[Records drawn from a dataset]
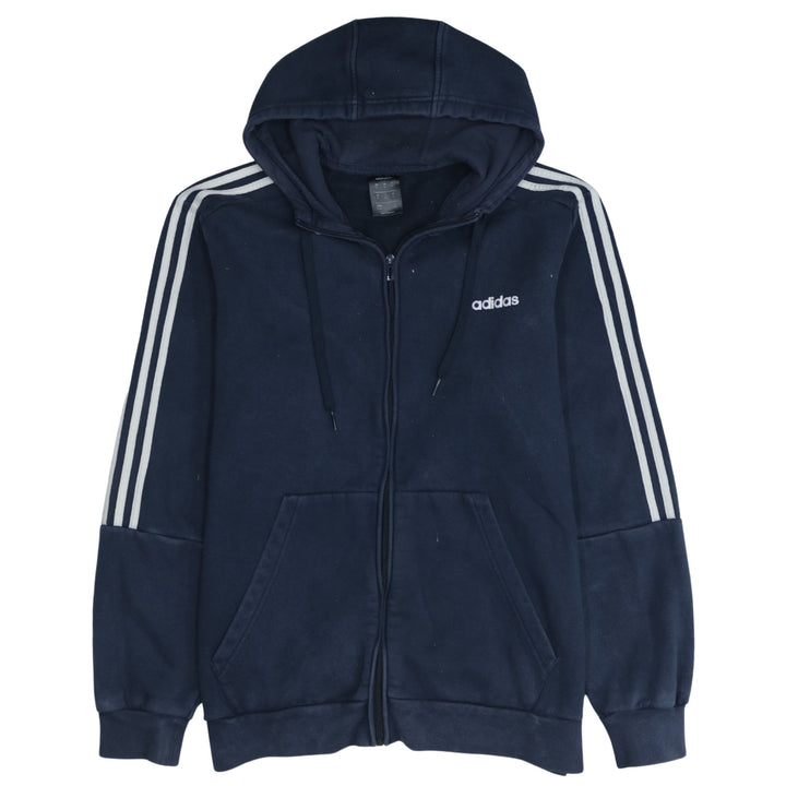 Adidas Vintage 90's Full Zip Up Striped Sleeve Hoodie XL Navy Blue
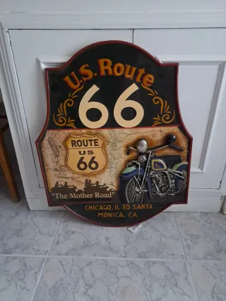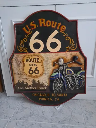Este cuadro decorativo con diseño retro de la Ruta 66 es perfecto para dar un toque vintage a tu espacio. Incluye una representación de una motocicleta clásica y el mapa de la ruta.mide de alto 60cm y de ancho 48cm - Diseño de la U.S. Route 66. - Imagen de motocicleta y mapa. - Texto The Mother Road y Chicago, IL to Santa Monica, CA.
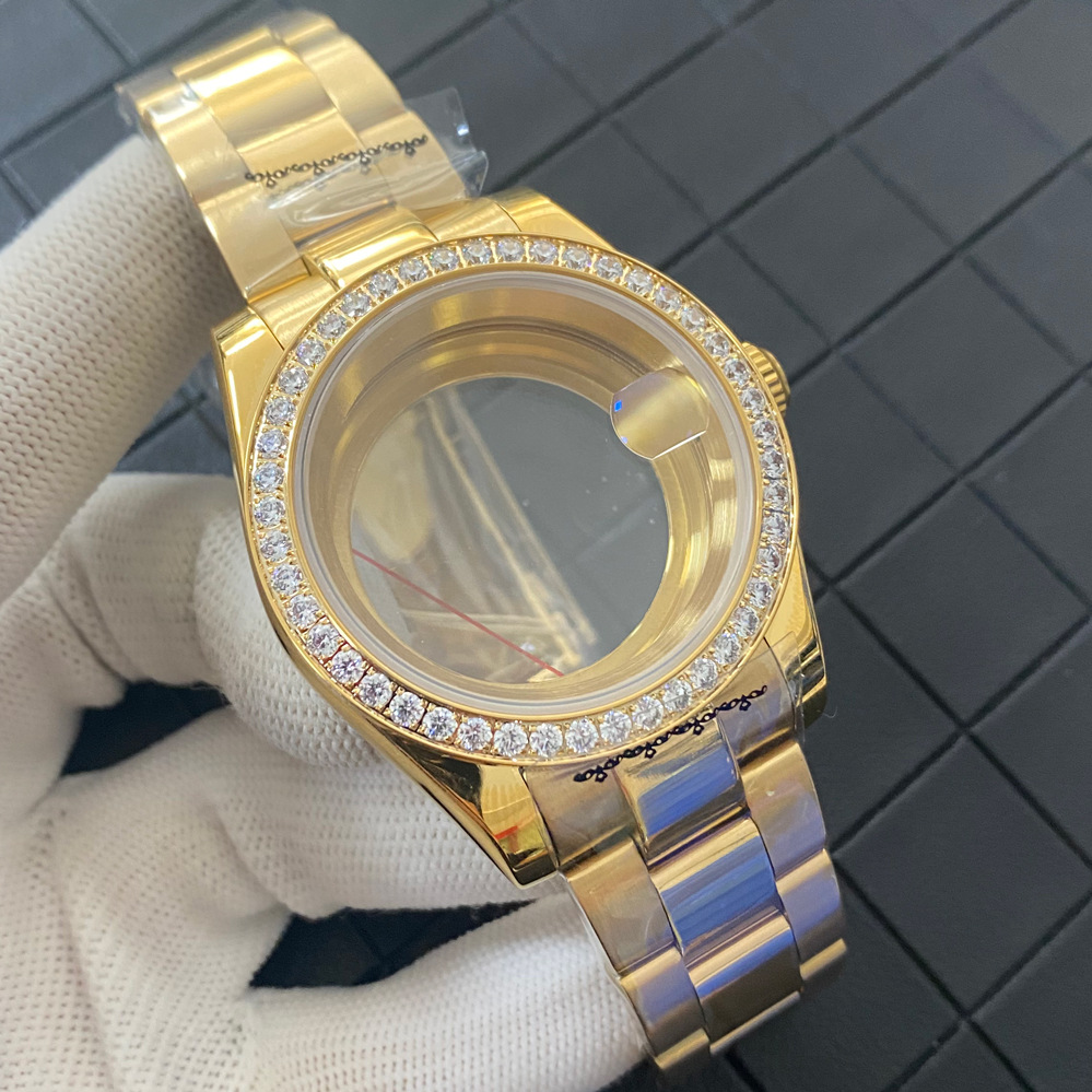 金色の石入れ精鋼ケースバンド39mmカキ式恒動藍宝ガラスは日本のn 35/36ムーブメントを入れることができます。
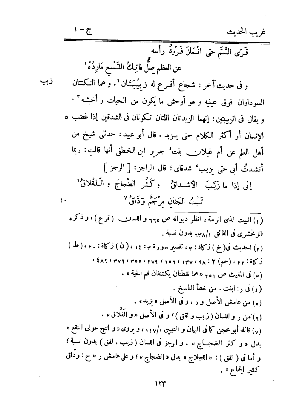 وَفِي حَدِيث آخر: شُجَاع أَقرع لَهُ زَبِيبَتَانِ. وهما النكتتان السوداوان فَوق عَيْنَيْهِ وَهُوَ أوحش مَا يكون من الْحَيَّات وأخبثه وَيُقَال فِي الزبيبتين: إنَّهُمَا الزبدتان اللَّتَان تَكُونَانِ فِي الشدقين إِذا غضب الْإِنْسَان أَو أَكثر الْكَلَام حَتَّى يُزْبِد. قَالَ أَبُو عبيد: حَدَّثَنِي شيخ من أهل الْعلم عَن أم غيلَان بِنْت جرير ابْن الخطفي أَنَّهَا قَالَتْ: رُبمَا أنشدتُ أبي حَتَّى يزبب شدقاي قَالَ الراجز: [الرجز]
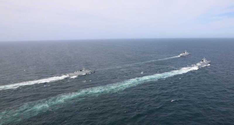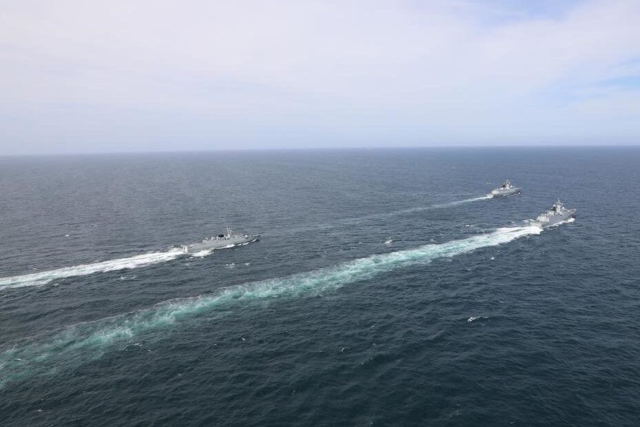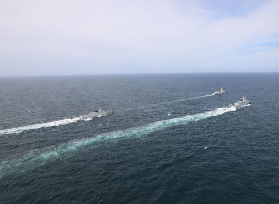2022年7月13日,中巴“海洋卫士-2”海上联合演习参演舰艇编队在预定海域分航。图为中巴双方舰艇组成两路纵队,准备分航的资料图。(图/新华社)
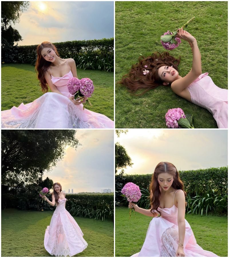 Á hậu Cẩm Ly - mỹ nhân được "đẩy thuyền" với Đình Bắc cũng khoe hoa xinh ngày lễ.
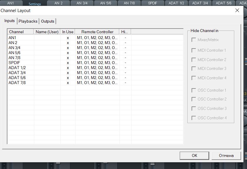В общем, итог такой, всё работает, но включается 48V не в ТМ, там просто нет у меня этой кнопки, а по кнопке Read Flash в настройках, а выключается 48V выключением карты. Если включаешь заново, то пока кнопку Read Flash не нажмёшь, 48V не работает. Такие танцы с бубном были бы не нужны, если бы кнопка 48v была в TotalMix, но там её нет у меня нигде ни в одной из 5 версий, которые я себе сохранял. Что это за глюк такой - так и осталось загадкой, в инструкции и на Ютубе в обзорах эта кнопка 48v есть у первого и второго каналов на вход, где line/miс.
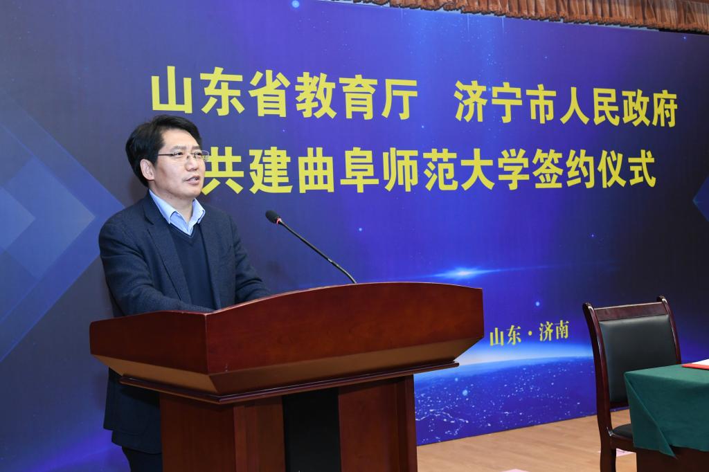 邓云锋在签约仪式上致辞,他指出,在新时代山东高等教育高质量发展的大好背景下,济宁市政府与省教育厅共建曲阜师大,对于实施教育强省、促进高等教育高质量发展将产生积极影响。近年来,济宁市坚定不移贯彻教育优先发展战略,全力打造鲁南经济带教育高地。曲阜师大事业发展跑出了令人瞩目的“曲师速度”,综合办学实力稳居省属高校第一方阵。市、校双方不断深化合作的深度和广度,已成为紧密的“命运共同体”。此次签署共建协议将进一步推动省、市、校三方携手并肩、共同发力,促进曲阜师大高质量发展,进而更加有力地支撑全省高等教育均衡发展,服务济宁经济社会发展。省教育厅将在一流学科、一流大学、一流专业、教学科研平台建设等方面给予学校重点支持;希望曲阜师大以省市共建为重要契机,增强发展信心,凝聚发展力量,领会共建精神,放大共建效应,对标国内同类一流高校,在赶超进位中实现新跨越;实施名校名城战略,为济宁乃至全省经济社会高质量发展作出新的更大贡献。
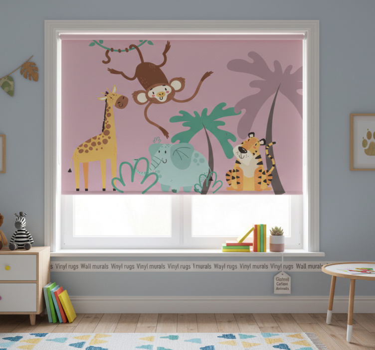 Referentienummer: E8856Rolgordijn paars met kleurrijke cartoon safari dieren
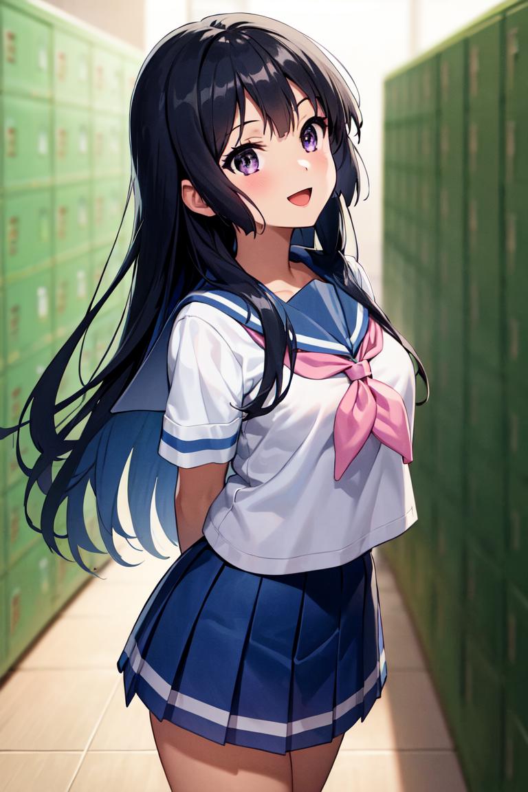 "KousakaSummer, long hair, white serafuku, short sleeves, pink neckerchief, blue skirt, black socks, kneehighs, loafers"
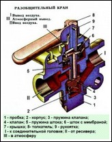 Разобщительным краном перекрывают при необходимости пневматическую магистраль, соединяющую автомобиль-тягач с прицепом (полуприцепом).

• [Task instructions]: Look above for the line with "Á hậu Cẩm Ly" and copy exactly from it through the line with "В общем, итог", both included. Omit the pictures.

• [Solution to this exercise]:
 Á hậu Cẩm Ly - mỹ nhân được "đẩy thuyền" với Đình Bắc cũng khoe hoa xinh ngày lễ.
В общем, итог такой, всё работает, но включается 48V не в ТМ, там просто нет у меня этой кнопки, а по кнопке Read Flash в настройках, а выключается 48V выключением карты. Если включаешь заново, то пока кнопку Read Flash не нажмёшь, 48V не работает. Такие танцы с бубном были бы не нужны, если бы кнопка 48v была в TotalMix, но там её нет у меня нигде ни в одной из 5 версий, которые я себе сохранял. Что это за глюк такой - так и осталось загадкой, в инструкции и на Ютубе в обзорах эта кнопка 48v есть у первого и второго каналов на вход, где line/miс.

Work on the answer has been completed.